What I would do differently in the future

I planned the shots and locations etc as best I could, however in hindsight i feel it could have been better planned. The fact that the equipment was borrowed for a short period of time made me rush some of the shots.

Outcome 1- Film/Video art research

Douglas Gordon

Gordon was born in Glasgow and studied art first there at the Glasgow School of Art from 1984-1988 and later at the Slade School of Fine Art, University College London, from 1988-1990.

Much of Gordon’s work is seen as being about memory and uses repetition in various forms. He uses material from the public realm and also creates performance-based videos. His work often overturns traditional uses of video by playing with time elements and employing multiple monitors.

In one early work, Meaning and Location (1990), a passage from the Gospel of Luke is given with a comma in different places, thus subtly changing the meaning of the sentence. List of Names (1990-present) is a list of every person Gordon has ever met and can remember. One version of this is applied onto the wall of a stairwell in the Scottish National Gallery of Modern Art.

Gordon has often reused older film footage in his photographs and videos. One of his best-known art works is 24 Hour Psycho, 1993 which slows down Alfred Hitchcock’s film Psycho so that it lasts twenty-four hours. Feature Film, 1999 is a projection of Gordon’s own film of James Conlon conducting Bernard Herrmann’s score to Vertigo, thus drawing attention to the film score and the emotional responses it creates in the viewer. In one installation, this was placed at the top of a tall building, referencing one of the film’s main plot points. In Through a looking glass, 1999, Gordon created a double-projection work around the climactic scene in Martin Scorsese’s film Taxi Driver 1976, in which the main character addresses the camera; the screens are arranged so that the character seems to be addressing himself.

http://www.youtube.com/watch?v=I1jkoMfPa40

Norman McLaren

11 April 1914 – 27 January 1987 was a Scottish-born Canadian animator and film director known for his work for the National Film Board of Canada (NFB). He was a pioneer in a number of areas of animation and filmmaking, including drawn on film animation, visual music, abstract film, pixilation and graphical sound.

His awards included an Oscar for the Best Documentary in 1952 for Neighbours, a Silver Bear for best short documentary at the 1956 Berlin International Film Festival Rythmetic and a 1969 BAFTA Award for Best Animated Film for Pas de deux.

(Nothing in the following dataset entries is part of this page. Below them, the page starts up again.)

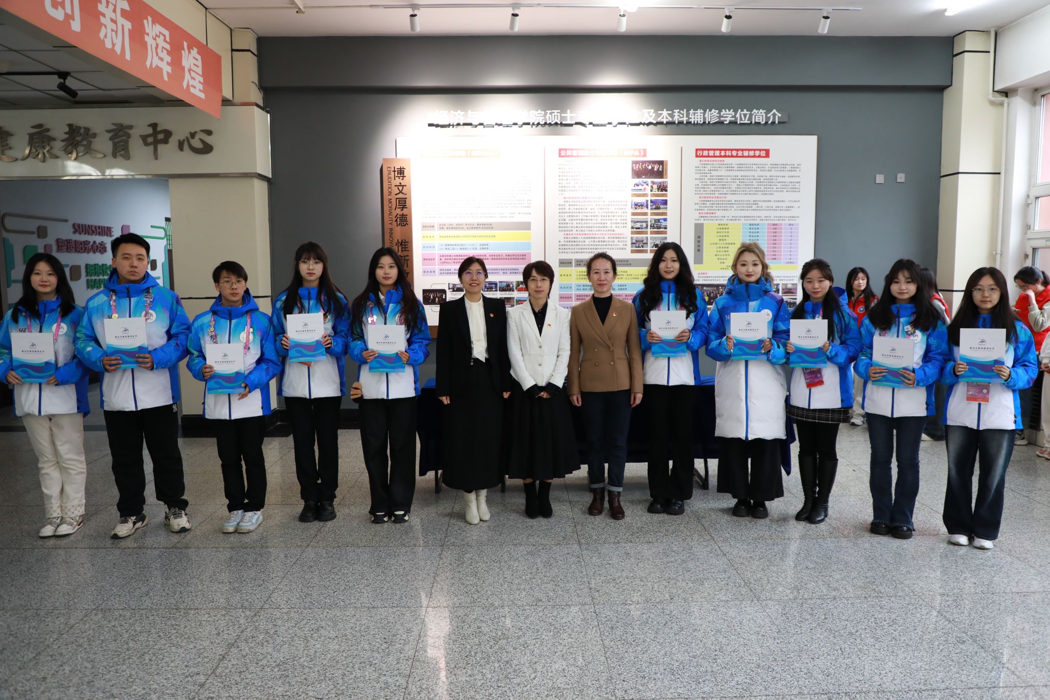 哈尔滨2025年第9届亚冬会志愿者证书发放仪式。学院领导班子成员、全体辅导员及57名志愿者参加仪式,见证这一承载荣光的时刻。
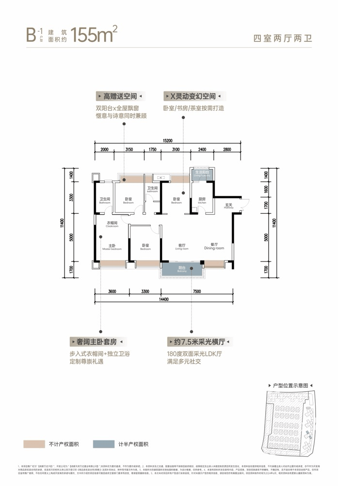 约214㎡奢居四房:约8.4m横厅,270°采光,双套房设计
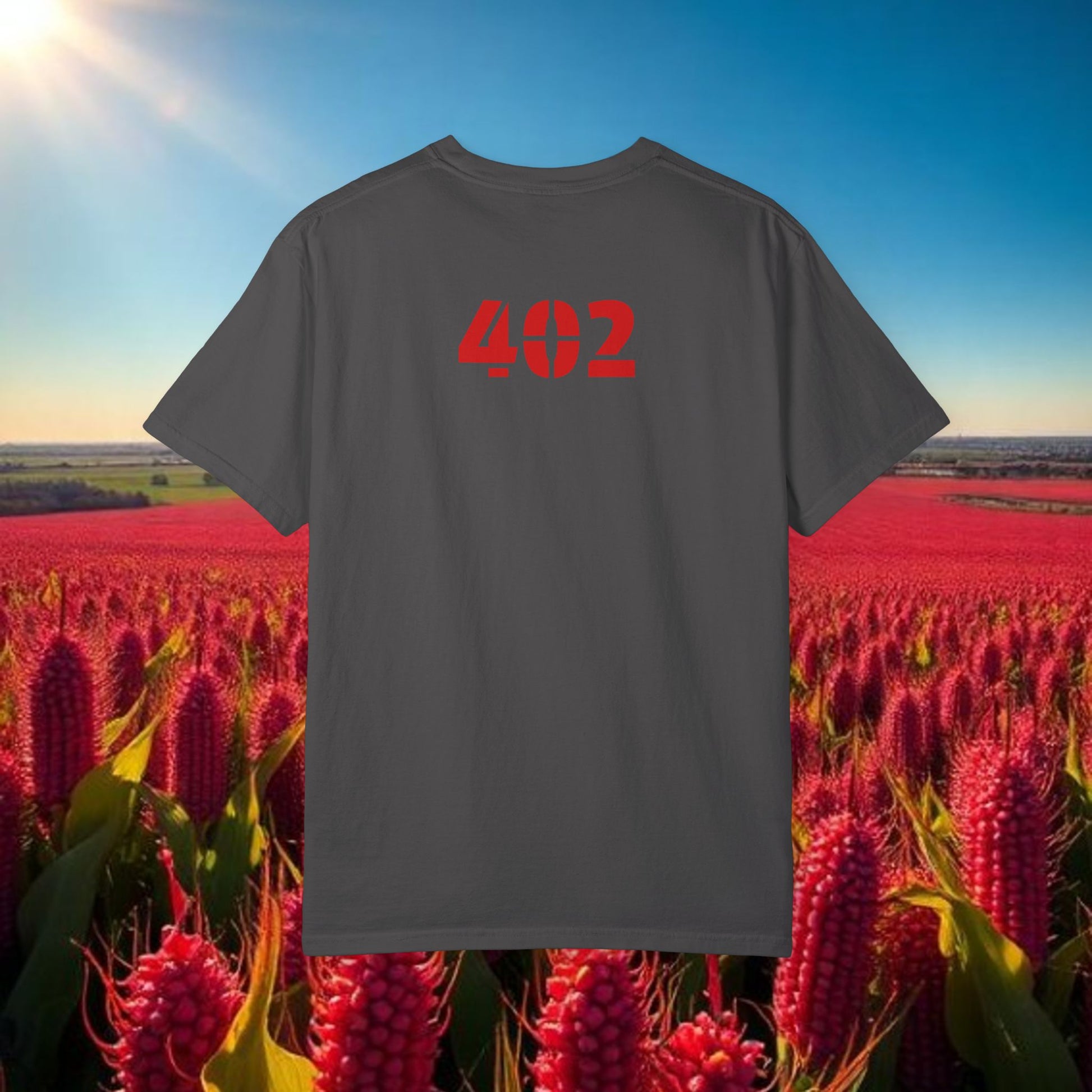 Lincoln Nebraska Area Code T-Shirt — White Tee with Red "Nebraska" & 402 Back Print, Soft-Style T-Shirt

McLaren’s next film, Camera Makes Whoopee, 1935, was a more elaborate take on the themes explored in Seven Till Five, inspired by his acquisition of a Ciné-Kodak camera, which enabled him to execute a number of ‘trick’ shots. McLaren used pixilation effects, superimposition and animation not only to display the staging of an art school ball, but also to tap into the aesthetic sensations supposedly produced by this event.

His two early films won prizes at the Scottish Amateur Film Festival, where fellow Scot and future NFB founder John Grierson was a judge.